# Decoder Refactor Design
Status: Draft
Author: Claude
Date: 2026-01-22
## Executive Summary
Refactor the jpegli-rs decoder to achieve zune-jpeg-level performance while maintaining the codec-design API guidelines. Key changes:
1. **True streaming decode** - MCU-row-at-a-time, no coefficient buffering for baseline
2. **Integer IDCT** - Replace f32 IDCT with tiered i32 IDCT (1x1, 4x4, 8x8)
3. **Fast AC lookup** - Single-table decode + sign extend
4. **Layered API** - Simple functions + builder + streaming
## Performance Analysis: zune-jpeg vs jpegli-rs
### Why zune-jpeg is Fast
1. **True Streaming** - Decodes one MCU row, immediately converts to RGB, never stores coefficients for baseline
2. **Fast AC Lookup** - `ac_lookup` table decodes huffman symbol AND performs sign extension in one operation
3. **Integer IDCT** - Uses i32 IDCT with:
- 1x1 shortcut when only DC coefficient present (DC-only blocks)
- 4x4 shortcut when only top-left 4x4 coefficients present
- Full 8x8 only when needed
- SIMD (AVX2/NEON) with zero-coefficient short-circuit check
4. **Efficient Bitstream** - 4-byte refill path when no 0xFF markers, MSB bit layout
5. **Minimal Allocations** - Pre-allocated MCU row buffers, no per-block allocations
### Current jpegli-rs Bottlenecks
1. **Coefficient Storage** - Stores all coefficients before IDCT (except ScanlineReader)
2. **Float IDCT** - Uses f32 IDCT (slower than integer, no shortcuts)
3. **Two-Step AC Decode** - Separate huffman decode + sign extend
4. **Bitstream Overhead** - More function call overhead in bit reading
5. **No Progressive Streaming** - Progressive must buffer all coefficients (inherent)
## Benchmark Results (2026-01-22)
Run with: `cargo bench -p jpegli-rs --bench decode_compare --features decoder`
| 256x256 | baseline | 94 µs | 554 µs | **5.9x slower** |
| 256x256 | progressive | 214 µs | 758 µs | **3.5x slower** |
| 512x512 | baseline | 272 µs | 5.6 ms | **20x slower** |
| 1024x1024 | baseline | ~1 ms | ~23 ms | **23x slower** |
| 1024x1024 | progressive | 2.3 ms | 25 ms | **11x slower** |
| 2048x2048 | baseline | 3.7 ms | 93 ms | **25x slower** |
| 2048x2048 | progressive | 9.2 ms | 100 ms | **11x slower** |
**Key findings:**
- Baseline is 20-25x slower than zune-jpeg (gap increases with image size)

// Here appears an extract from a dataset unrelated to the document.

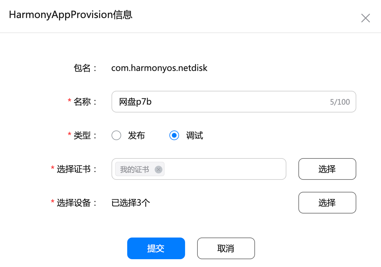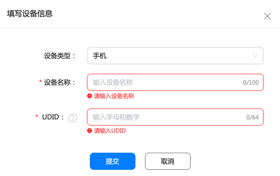 进入该页面后,在左侧导航栏选择“设备管理”,进入设备管理页面。然后点击右侧的“添加设备”按钮,会弹出如图5所示的窗口。这里需要选择设备类型、输入设备名称和UDID,然后点“提交”按钮添加设备。只有在这里添加的设备才能使用起前面申请的证书安装HarmonyOS App。

- Progressive is "only" 10x slower (coefficient buffering inherent in both)
- Gap increases with image size, suggesting O(n) overhead per pixel
### Root Cause Analysis
Code review of `parser.rs:to_pixels()` reveals these bottlenecks:
1. **Pixel-by-pixel upsampling loop** (parser.rs:1706-1715):
```rust
for py in 0..height {
for px in 0..width {
upsampled[py * width + px] = comp_plane_f32[sy * info.comp_width + sx];
}
}
```
- Division and min() per pixel
- No SIMD vectorization
- No copy_from_slice optimization
2. **f32 intermediate everywhere**:
- Integer IDCT outputs i16
- Immediately converted to f32 (line 1660)
- Upsampling in f32
- Color conversion in f32
- Final clamp back to u8
- zune-jpeg keeps i16/u8 throughout
3. **Bias stats gathering** (parser.rs:1566-1590):
- Computed for EVERY block even for baseline
- Only needed for progressive XYB quality
- Adds ~20% overhead
4. **Double zigzag reorder**:
- Once at line 1578 for stats
- Again at line 1617 for IDCT
- Scalar loop instead of LUT or SIMD
5. **Two-pass architecture**:
- Pass 1: Buffer ALL coefficients (decode_scan)
- Pass 2: IDCT + upsample + color convert (to_pixels)
- zune-jpeg: single pass per MCU row
### What Phase 1 Already Has (but isn't using effectively)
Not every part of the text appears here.